Ask HN: Will you retire after 1000 weeks (~19 years)? Or work another 1000 week? - adeptima
I found that most Engineers can&#x27;t think in weeks, and they shocked to learn that after 1000 weeks (~19 years) they will be almost 20 years older, and they might not live another 1000 weeks after or be able to perform well after the next 1000 weeks.<p>It&#x27;s ok to contribute 10 weeks for another framework or pet project, right? However math tell if you do it 100 times 100% focused on one by one thing, you might run out of time and wont be able to cash out on your expectation.<p>How do you personally feel about the next 1000 weeks? 
Any decent timeline lifehacks?
======
codingdave
If you are in a position that you feel your time is being wasted on work or
projects, the question is not whether you want to do it for another 1000 weeks
- it is whether you want to do it at all.
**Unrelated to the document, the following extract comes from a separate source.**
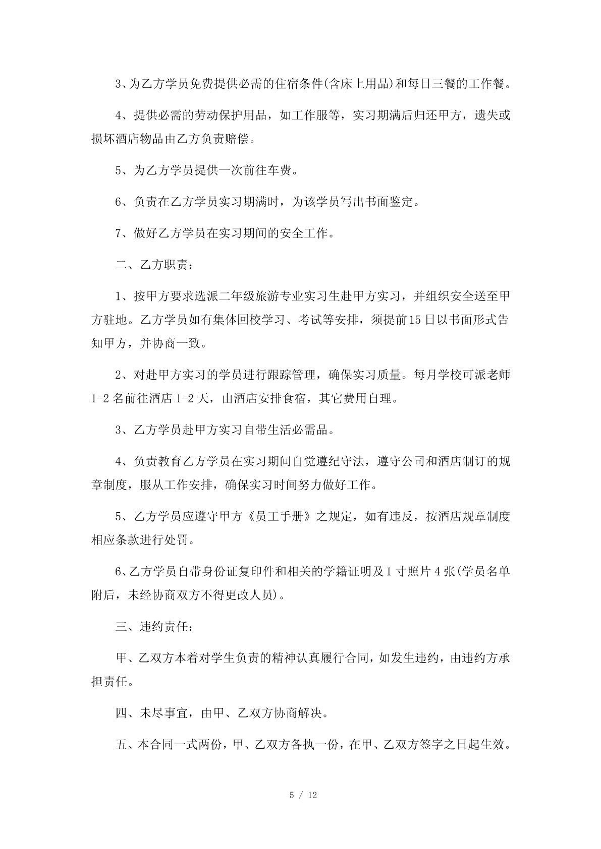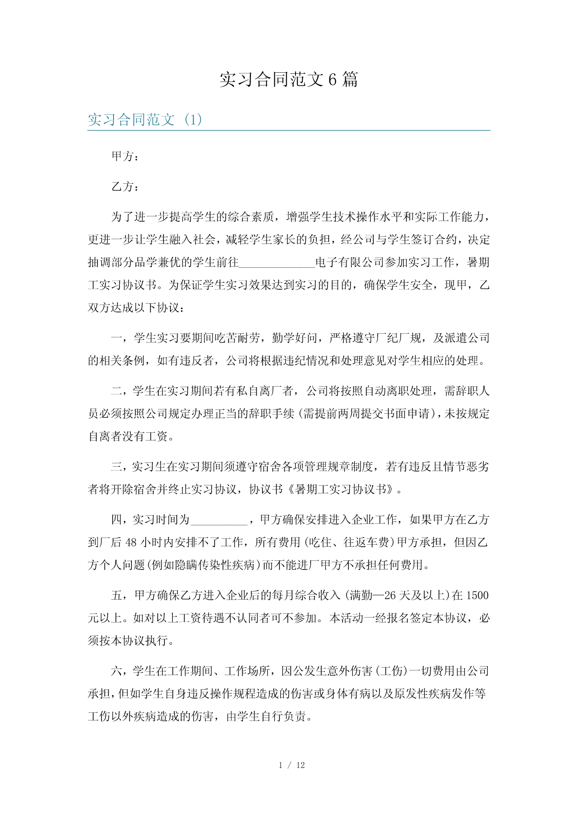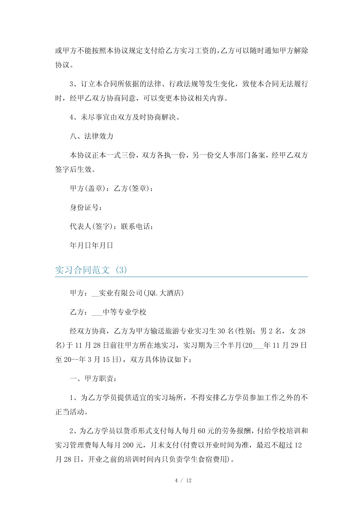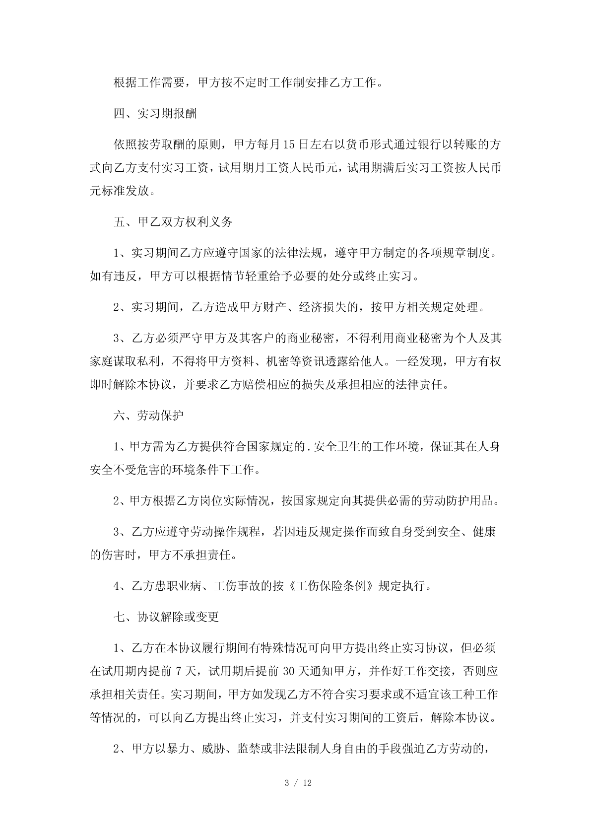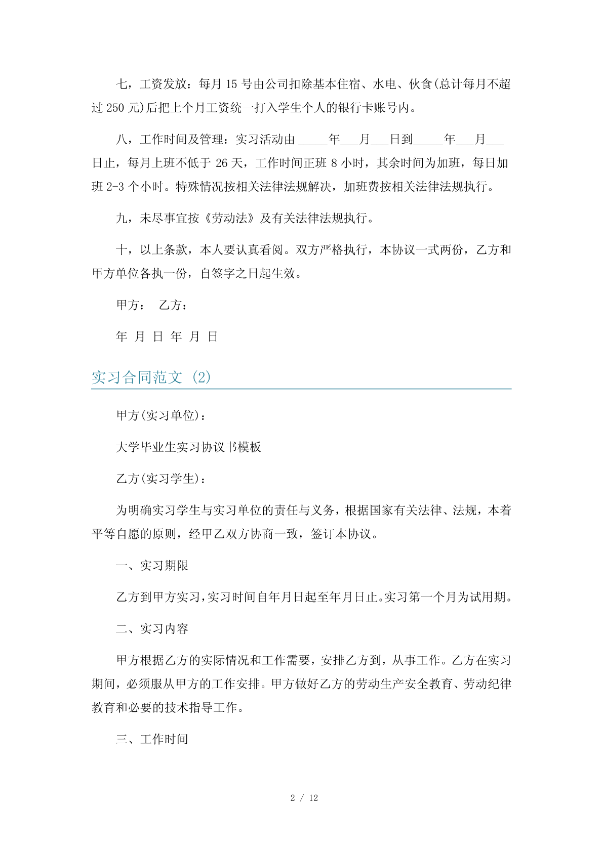 实习合同范文6篇实习合同范文(1)甲方:乙方:为了进一步提高学生的综合素质,增强学生技术操作水平和实际工作能力,更进一步让学生融入社会,减轻学生家长的负担,经公司与学生签订合约,决定抽调部分品学兼优的学生前往_____________电子有限公司参加实习工作,暑期工实习协议书。为保证学生实习效果达到实习的目的,确保学生安全,现甲,乙双方达成以下协议:一,学生实习要期间吃苦耐劳,勤学好问,严格遵守厂纪厂规,及派遣公司的相关条例,如有违反者,公司将根据违纪情况和处理意见对学生相应的处理。二,学生在实习期间若有私自离厂者,公司将按照自动离职处理,需辞职人员必须按照公司规定办理正当的辞职手续(需提前两周提交书面申请),未按规定自离者没有工资。三,实习生在实习期间须遵守宿舍各项管理规章制度,若有违反且情节恶劣者将开除宿舍并终止实习协议,协议书《暑期工实习协议书》。四,实习时间为__________,甲方确保安排进入企业工作,如果甲方在乙方到厂后48小时内安排不了工作,所有费用(吃住、往返车费)甲方承担,但因乙方个人问题(例如隐瞒传染性疾病)而不能进厂甲方不承担任何费用。五,甲方确保乙方进入企业后的每月综合收入(满勤—26天及以上)在1500元以上。如对以上工资待遇不认同者可不参加。本活动一经报名签定本协议,必须按本协议执行。六,学生在工作期间、工作场所,因公发生意外伤害(工伤)一切费用由公司承担,但如学生自身违反操作规程造成的伤害或身体有病以及原发性疾病发作等工伤以外疾病造成的伤害,由学生自行负责。1/12七,工资发放:每月15号由公司扣除基本住宿、水电、伙食(总计每月不超过250元)后把上个月工资统一打入学生个人的银行卡账号内。八,工作时间及管理:实习活动由_____年___月___日到_____年___月___日止,每月上班不低于26天,工作时间正班8小时,其余时间为加班,每日加班2-3个小时。特殊情况按相关法律法规解决,加班费按相关法律法规执行。九,未尽事宜按《劳动法》及有关法律法规执行。十,以上条款,本人要认真看阅。双方严格执行,本协议一式两份,乙方和甲方单位各执一份,自签字之日起生效。甲方:乙方:年月日年月日实习合同范文(2)甲方(实习单位):大学毕业生实习协议书模板乙方(实习学生):为明确实习学生与实习单位的责任与义务,根据国家有关法律、法规,本着平等自愿的原则,经甲乙双方协商一致,签订本协议。一、实习期限乙方到甲方实习,实习时间自年月日起至年月日止。实习第一个月为试用期。二、实习内容甲方根据乙方的实际情况和工作需要,安排乙方到,从事工作。乙方在实习期间,必须服从甲方的工作安排。甲方做好乙方的劳动生产安全教育、劳动纪律教育和必要的技术指导工作。三、工作时间2/12根据工作需要,甲方按不定时工作制安排乙方工作。四、实习期报酬依照按劳取酬的原则,甲方每月15日左右以货币形式通过银行以转账的方式向乙方支付实习工资,试用期月工资人民币元,试用期满后实习工资按人民币元标准发放。五、甲乙双方权利义务1、实习期间乙方应遵守国家的法律法规,遵守甲方制定的各项规章制度。如有违反,甲方可以根据情节轻重给予必要的处分或终止实习。2、实习期间,乙方造成甲方财产、经济损失的,按甲方相关规定处理。3、乙方必须严守甲方及其客户的商业秘密,不得利用商业秘密为个人及其家庭谋取私利,不得将甲方资料、机密等资讯透露给他人。一经发现,甲方有权即时解除本协议,并要求乙方赔偿相应的损失及承担相应的法律责任。六、劳动保护1、甲方需为乙方提供符合国家规定的.安全卫生的工作环境,保证其在人身安全不受危害的环境条件下工作。2、甲方根据乙方岗位实际情况,按国家规定向其提供必需的劳动防护用品。3、乙方应遵守劳动操作规程,若因违反规定操作而致自身受到安全、健康的伤害时,甲方不承担责任。4、乙方患职业病、工伤事故的按《工伤保险条例》规定执行。七、协议解除或变更1、乙方在本协议履行期间有特殊情况可向甲方提出终止实习协议,但必须在试用期内提前7天,试用期后提前30天通知甲方,并作好工作交接,否则应承担相关责任。实习期间,甲方如发现乙方不符合实习要求或不适宜该工种工作等情况的,可以向乙方提出终止实习,并支付实习期间的工资后,解除本协议。2、甲方以暴力、威胁、监禁或非法限制人身自由的手段强迫乙方劳动的,3/12或甲方不能按照本协议规定支付给乙方实习工资的,乙方可以随时通知甲方解除协议。3、订立本合同所依据的法律、行政法规等发生变化,致使本合同无法履行时,经甲乙双方协商同意,可以变更本协议相关内容。4、未尽事宜由双方及时协商解决。八、法律效力本协议正本一式三份,双方各执一份,另一份交人事部门备案,经甲乙双方签字后生效。甲方(盖章):乙方(签章):身份证号:代表人(签字):联系电话:年月日年月日

You could get hit by a bus any day. You have to find a balance in your life
where you are happy having lived it, even if it ends tomorrow, while also
doing what you need to do to provide for yourself and your family, and enjoy
life if you live to 100+ years old.

------
photawe
I'm well into the second 1000 weeks (22 years of programming). I don't think
there are any decent timeline hacks - just do something, see if it works, and
if not, roughly after 6 months I suggest you stop, and take a 6-12 months
break. Then, try something else.

I've tried and failed quite a few times (10+), and my current experiment -
while I think it's a successful one, time will tell.

One thing I would suggest is you read "The Mom Test" book -- I think it'll
serve you well in the long run (it's about marketing, and you'll need to do
that if you develop your own products).

------
ktpsns
In 1000 weeks, you can raise your offspring. That's obviously a long time if
you remember about your youth.

There are many efforts to bring life long work into a compact number.
[https://80000hours.org/](https://80000hours.org/) is quite a famous one.